Task to carry out:
Each line in the records that mentions the word "Ворожея" needs to be listed.

Records for the task:

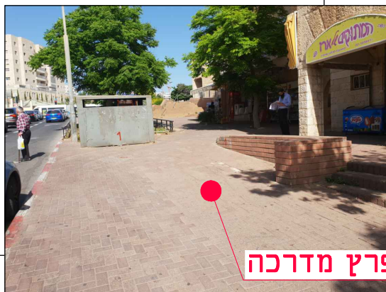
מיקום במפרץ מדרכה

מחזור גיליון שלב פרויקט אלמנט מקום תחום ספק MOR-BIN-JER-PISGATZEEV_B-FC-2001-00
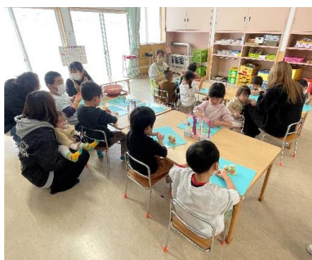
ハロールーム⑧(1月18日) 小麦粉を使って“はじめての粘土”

--

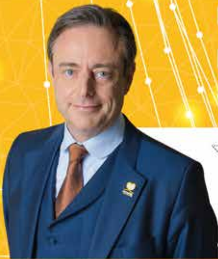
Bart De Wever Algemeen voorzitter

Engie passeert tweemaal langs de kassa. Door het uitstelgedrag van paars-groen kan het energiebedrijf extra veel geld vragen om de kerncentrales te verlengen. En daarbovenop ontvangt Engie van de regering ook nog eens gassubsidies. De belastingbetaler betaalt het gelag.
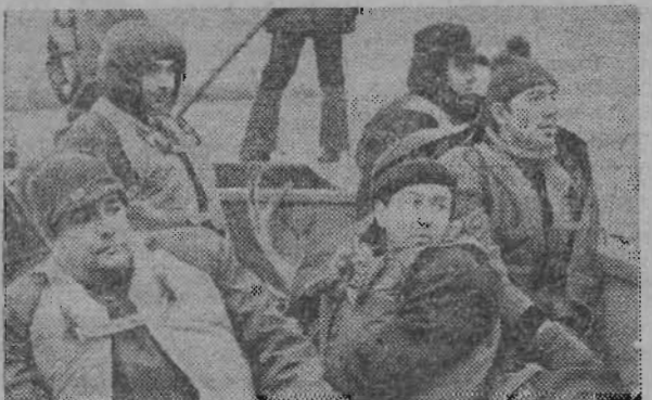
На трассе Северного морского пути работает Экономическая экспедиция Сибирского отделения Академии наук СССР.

==

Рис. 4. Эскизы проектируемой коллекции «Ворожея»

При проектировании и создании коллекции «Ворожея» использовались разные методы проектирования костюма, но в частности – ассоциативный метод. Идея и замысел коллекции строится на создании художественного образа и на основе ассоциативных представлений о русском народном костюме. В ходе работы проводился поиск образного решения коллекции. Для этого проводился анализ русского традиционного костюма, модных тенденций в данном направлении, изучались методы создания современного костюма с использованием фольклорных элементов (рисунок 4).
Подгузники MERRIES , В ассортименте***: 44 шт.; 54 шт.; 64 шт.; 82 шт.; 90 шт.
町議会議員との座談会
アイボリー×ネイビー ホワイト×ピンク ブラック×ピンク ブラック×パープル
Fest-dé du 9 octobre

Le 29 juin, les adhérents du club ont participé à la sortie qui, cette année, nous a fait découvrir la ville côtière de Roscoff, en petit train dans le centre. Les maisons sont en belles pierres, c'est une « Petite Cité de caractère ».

Response to this task:
Рис. 4. Эскизы проектируемой коллекции «Ворожея»
При проектировании и создании коллекции «Ворожея» использовались разные методы проектирования костюма, но в частности – ассоциативный метод. Идея и замысел коллекции строится на создании художественного образа и на основе ассоциативных представлений о русском народном костюме. В ходе работы проводился поиск образного решения коллекции. Для этого проводился анализ русского традиционного костюма, модных тенденций в данном направлении, изучались методы создания современного костюма с использованием фольклорных элементов (рисунок 4).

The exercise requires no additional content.